Cancer metastasis is the lethal developmental step in cancer, responsible for the majority of cancer deaths. To metastasise, cancer cells must acquire the ability to disseminate systemically and to escape an activated immune response. Here, we endeavoured to investigate if metastatic dissemination reflects acquisition of genomic traits that are selected for. We acquired mutation and copy number data from 8332 tumours representing 19 cancer types acquired from The Cancer Genome Atlas and the Hartwig Medical Foundation. A total of 827,344 non-synonymous mutations across 8332 tumour samples representing 19 cancer types were timed as early or late relative to copy number alterations, and potential driver events were annotated. We found that metastatic cancers had a significantly higher proportion of clonal mutations and a general enrichment of early mutations in p53 and RTK/KRAS pathways. However, while individual pathways demonstrated a clear time-separated preference for specific events, the relative timing did not vary between primary and metastatic cancers. These results indicate that the selective pressure that drives cancer development does not change dramatically between primary and metastatic cancer on a genomic level, and is mainly focused on alterations that increase proliferation.

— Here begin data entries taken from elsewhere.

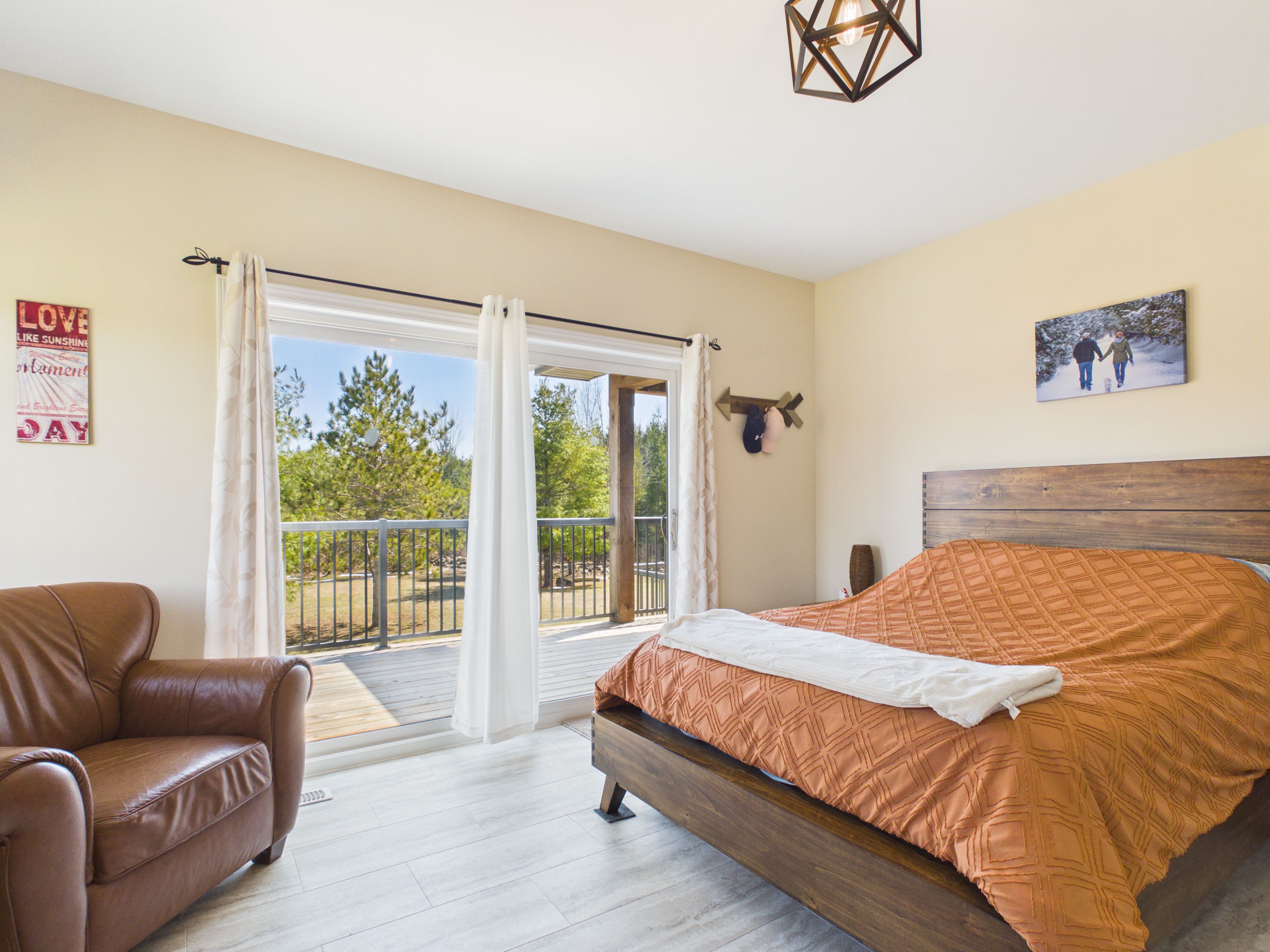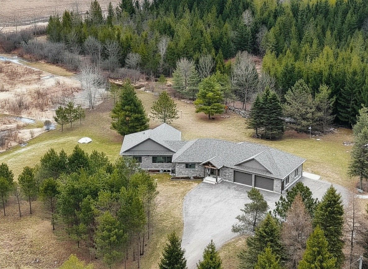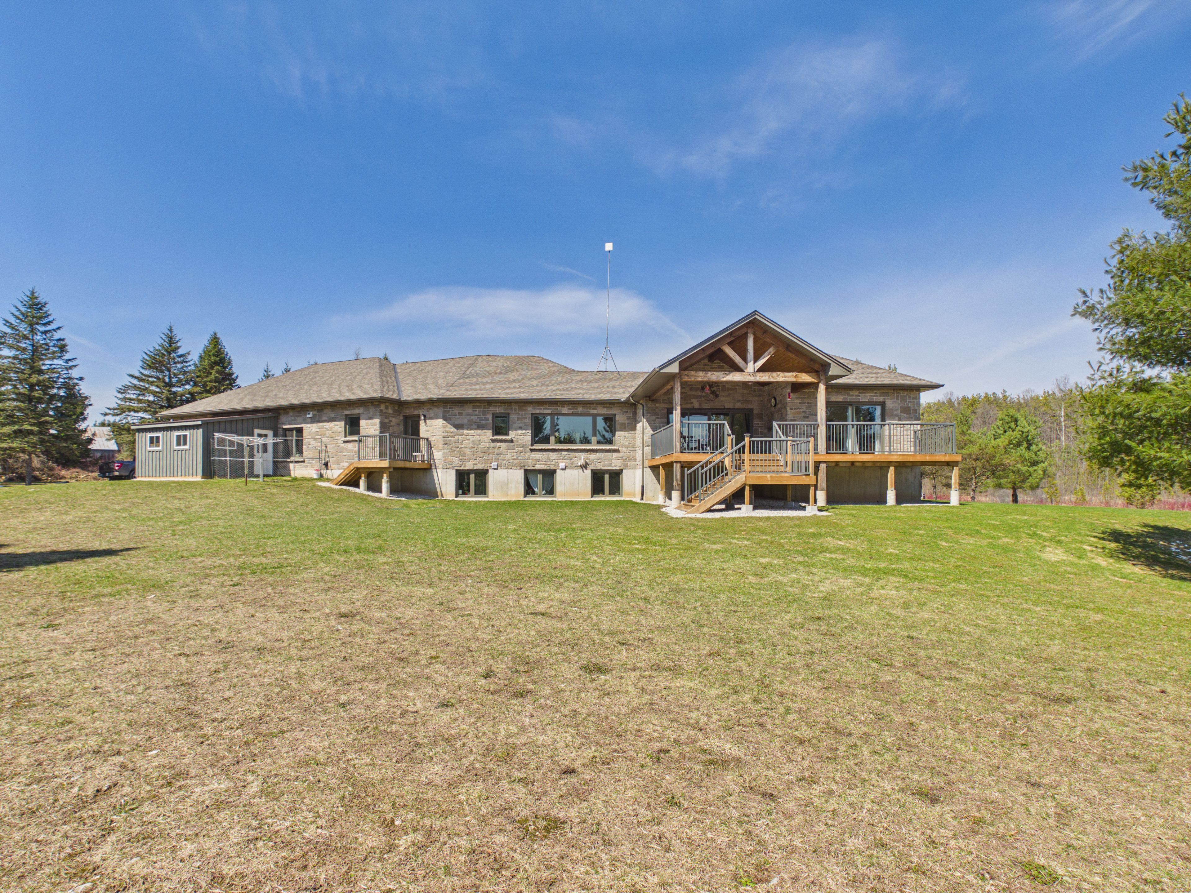 Tucked at the end of a winding lane, this custom-built 2022 shouldice stone bungalow offers the perfect blend of privacy, elegance, and nature. Set on fifty mostly treed acres, including twenty acres of planted pines, ten acres of hardwood bush separated by deer creek, this property is a scenic haven for outdoor enthusiasts. Step inside to a welcoming foyer and bright open-concept main floor, with oversize windows framing the natural surroundings. Or enjoy the landscape from the generous covered timber frame deck. The main floor primary bedroom offers a 4 pc. Ensuite, expansive walk-in closet, and private deck access. A 2 pc. Powder room and laundry room complete this level. The 9 ft. Ceilings on the lower level enhance the sense of openness and space. Features include an open concept second kitchen and living room, with large windows to let in the sunshine and a heat pump to regulate temperatures. A comfortable bedroom and 3 pc. Bath, utility room with additional laundry facilities makes this level in-law friendly and can be accessed by a separate entrance through the garage. A second bedroom is a bonus on this floor, as is the abundance of storage space. The heated double garage is finished with trusscore and has its own heat exchanger keeping vehicles and floors dry in winter months. The adjacent dog grooming room (also finished with trusscore) is a moveable shed! House is heated by f/a propane, has central air, air exchanger, and generator. Several charming outbuildings complete this property making it a hobbyist paradise! They include a workshop, storage shed, and an adorable bunky with covered porch and loft. Raised garden beds are convenient and when you're not trail hiking, engage in a friendly game of horseshoes! Indulge in the serenity of country living while being a short drive from hanover, walkerton, and chesley. This property is truly a rare combination of luxury, functionality, and natural beauty.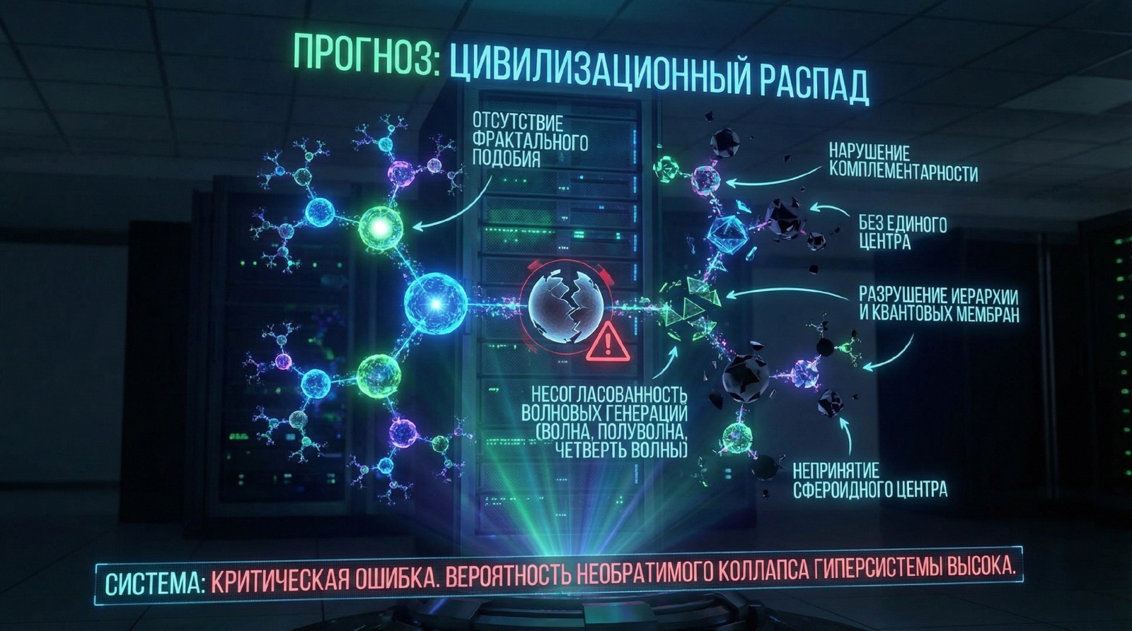 Нарушены все 6 принципов устойчивых гиперсистем. Без осознанной коррекции (вероятность 10−15%) траектория ведёт к коллапсу или перезагрузке через кризис.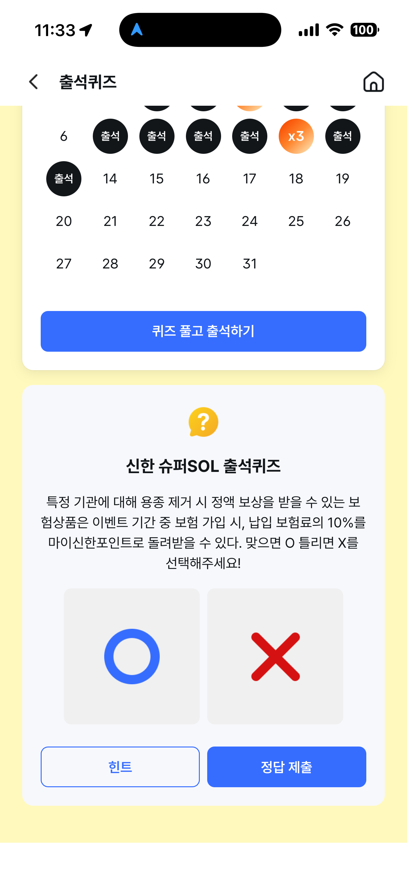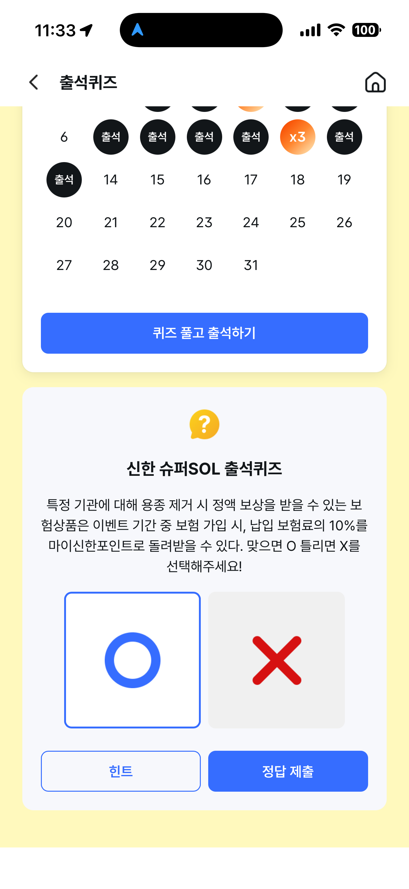 신한 슈퍼SOL 출석퀴즈 정답은 O 입니다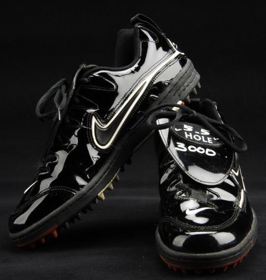Gwynn favored the opposite field gap so much that he had “5.5 HOLE” stitched into the tongue of his cleats. And while his 3,000th hit did not fall between third and short, Gwynn wore this pair of black patent leather Nike cleats on Aug. 6, 1999, as he reached the milestone on a line drive over second base.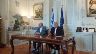 Αναφορά στα γενικά συμπεράσματα της μελέτης του ΕΛΚΕΘΕ από τον Περιφερειάρχη Ν. Αιγαίου στη συνέντευξη Τύπου στη Σύρο

Treatment Represents a Key Driver of Metastatic Cancer Evolution.

Metastasis is the main cause of cancer death, yet the evolutionary processes behind it remain largely unknown. Here, through analysis of large panel-based genomic datasets from the AACR Genomics Evidence Neoplasia Information Exchange project, including 40,979 primary and metastatic tumors across 25 distinct cancer types, we explore how the evolutionary pressure of cancer metastasis shapes the selection of genomic drivers of cancer. The most commonly affected genes were TP53, MYC, and CDKN2A, with no specific pattern associated with metastatic disease. This suggests that, on a driver mutation level, the selective pressure operating in primary and metastatic tumors is similar. The most highly enriched individual driver mutations in metastatic tumors were mutations known to drive resistance to hormone therapies in breast and prostate cancer (ESR1 and AR), anti-EGFR therapy in non-small cell lung cancer (EGFR T790M), and imatinib in gastrointestinal cancer (KIT V654A). Specific mutational signatures were also associated with treatment in three cancer types, supporting clonal selection following anticancer therapy. Overall, this implies that initial acquisition of driver mutations is predominantly shaped by the tissue of origin, where specific mutations define the developing primary tumor and drive growth, immune escape, and tolerance to chromosomal instability. However, acquisition of driver mutations that contribute to metastatic disease is less specific, with the main genomic drivers of metastatic cancer evolution associating with resistance to therapy. SIGNIFICANCE: This study leverages large datasets to investigate the evolutionary landscape of established cancer genes to shed new light upon the mystery of cancer dissemination and expand the understanding of metastatic cancer biology.